Our study showed an inverse association between SHBG and ovarian volume. Representing a major carrier of androgens in the circulation, SHBG levels fluctuate throughout the adult lifespan. A U-shape trajectory has been described between serum levels of SHBG and aging, which were shown to decline in women of reproductive age up until the 6th decade of life and subsequently start to increase[18,19]. In fact, levels of SHBG are mainly determined by metabolic factors. Following the menopausal transition, markers of adiposity like BMI and WHR are inversely related with serum levels of SHBG[20,21]. Furthermore, intraabdominal obesity has been inversely associated with SHBG levels[22], while on the other hand circulating SHBG increases following bariatric surgery[23]. Finally, SHBG has been proposed as a marker of insulin resistance in women across the menopausal transition[24] The observed inverse association, therefore, between SHBG and ovarian volume demonstrated in our study could represent an effect of insulin resistance.
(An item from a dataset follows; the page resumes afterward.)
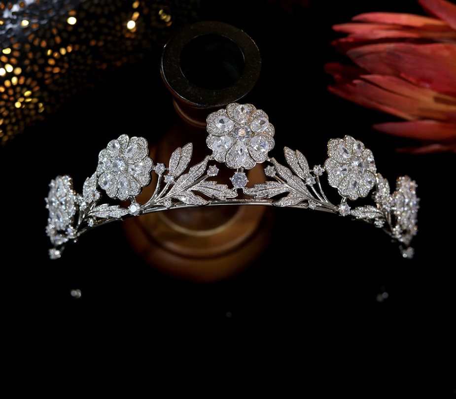 Crystal Bridal Tiara Diadem Ella Romantic with Flowers in Silver

Our study demonstrated an independent positive association of ovarian volume with bone density at the femoral neck, potentially mediated by circulating SHBG. SHBG levels have been inversely associated with bone mineral density[25,26]. Furthermore, high SHBG levels predict the occurrence of fractures, mainly in the femur[26]. In addition, significant differences in values of hip but not spinal BMD in association with polymorphisms of the SHBG gene have been described in studies of postmenopausal women[27]. According to our findings, women with larger ovaries have higher WHR and evidence of insulin resistance compared to non-obese women[28]. This association seems rational considering that obesity and insulin resistance result into lower SHBG levels[20,29]. Insulin resistance and higher levels of circulating insulin[20,29] might exhibit a trophic effect on the ovaries, further increasing their volume. It is possible, therefore, that the observed association between ovarian volume and femoral bone mineral density is mediated by insulin resistance and levels of SHBG.

Limitations of the present study include the cross-sectional design, which does not permit the detection of causality. Secondly, we did not assess the potential association between ovarian volume and other steroids, like estrone or androstendione. However, this study included a carefully selected sample of purely postmenopausal women, excluding thus the effect of menopausal transition on ovarian volume.

The results of this study imply the significance of SHBG as a determinant of ovarian volume and possibly bone metabolism in women after the menopausal transition. As ovarian volume was negatively associated with BMD values and SHBG, this protein may therefore be used as a biomarker of bone health and ovarian tissue reserve in the postmenopausal population.

In conclusion, ovarian volume is positively associated with adiposity measures and bone mineral density at the femoral neck. Furthermore, lower levels of SHBG were associated with larger ovaries. Insulin resistance and hyperinsulinemia may mediate this association. Larger prospective studies on solely postmenopausal populations are required to elucidate the significance of these findings.